Michael P. Norton | SHNS
Public retirees are celebrating an overnight U.S. Senate vote that could end a decades-long fight and deliver Social Security benefits to teachers, public safety workers and others who earned them.
"Tonight, the Senate finally corrects a 50-year mistake by passing the Social Security Fairness Act," Senate Majority Leader Chuck Schumer said following debate and a bipartisan 76-20 vote to repeal two federal laws.
"No longer will public retirees see their hard-earned Social Security benefits robbed from them thanks to this bill," Schumer said. "It's a very good thing that one of the final acts of the 118th Congress is delivering a huge win for working Americans."
President Joseph Biden is expected to sign the bill, according to MassRetirees -- the Retired State, County and Municipal Employees Association. Years of lobbying from two other unions, the Massachusetts Coalition of Police Professional Fire Fighters of Massachusetts, helped push the bill to final passage, MassRetirees said.
The bill repeals the Social Security Windfall Elimination Provision (WEP) and Government Pension Offset (GPO) laws, which Sen. Edward Markey said he opposed in 1983 when he was a member of the U.S. House.
Those "unfair and unjust" laws harm nearly 3 million public retirees, including 130,000 in Massachusetts, MassRetirees said. Once the bill's provisions are implemented, the Social Security benefits of certain retirees "will be restored to the correct amount going forward," the group said.
"I know there'll be people all across Massachusetts and the country who will be celebrating in their living rooms all across our nation," Markey said in a video included in a MassRetirees email early Saturday morning.

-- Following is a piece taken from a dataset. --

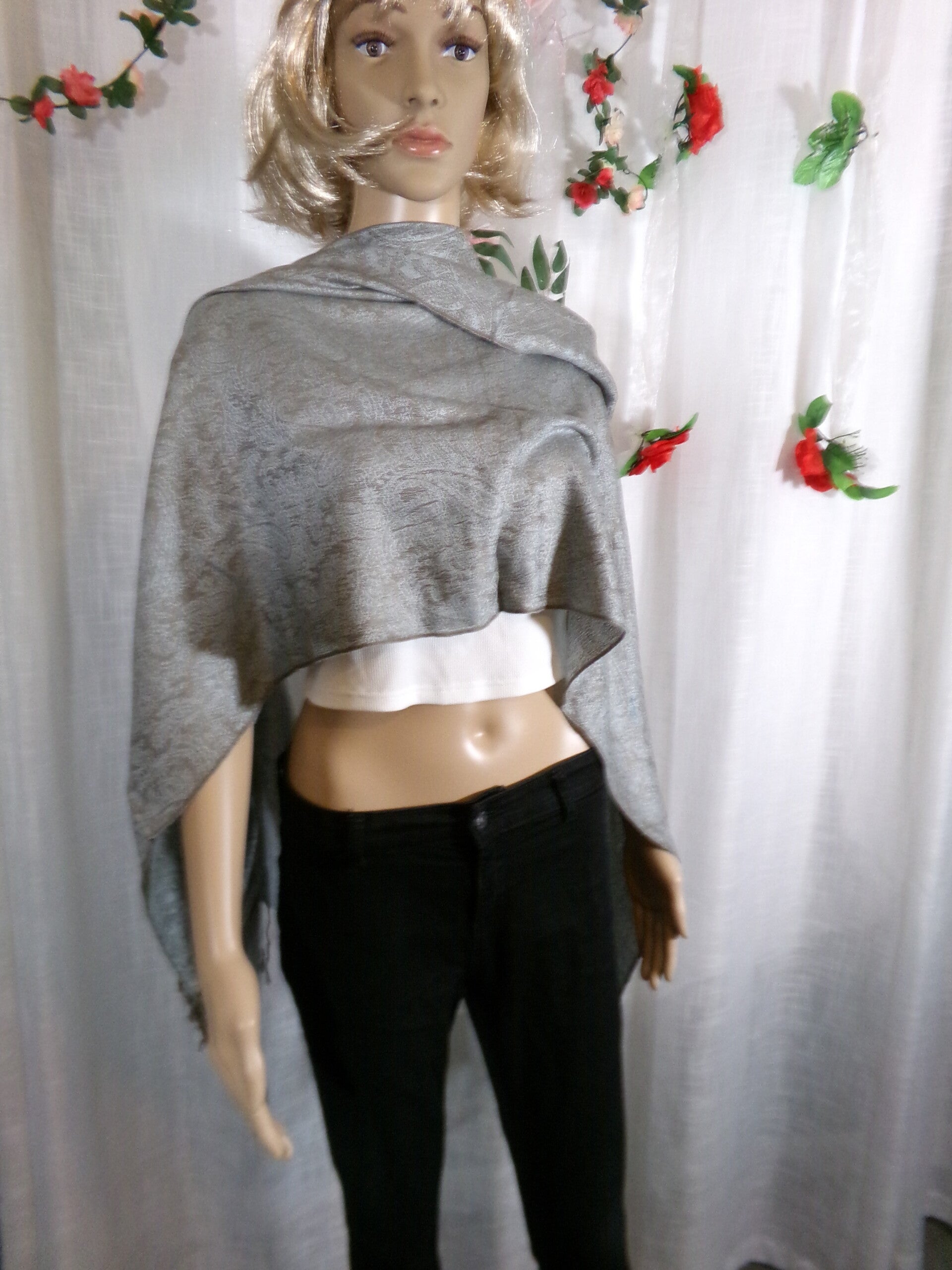 Echarpe Rectangle Cachemir, deux faces différentes, un vrai bijou de beauté ! Avec franges marron très subtiles qui fait un plus encore plus magnifique !

According to the non-partisan Congressional Research Service, the federal laws marked for repeal "reduce regular Social Security benefits for workers and/or their eligible family members if the worker receives (or is entitled to) a pension based on earnings from employment not covered by Social Security." The WEP affects retired or disabled workers and their family members, and the GPO affects spouses and survivors.
The House voted 327-75 in November to pass the bill. At the time, MassCOP President Scott Hovsepian said that it had "taken decades for us to reach this milestone."
"Law enforcement officers and other public servants and employees have been robbed of millions of dollars in benefits they earned through hard work because of the Windfall Elimination Provision (WEP) and Government Pension Offset (GPO),” Hovsepian said.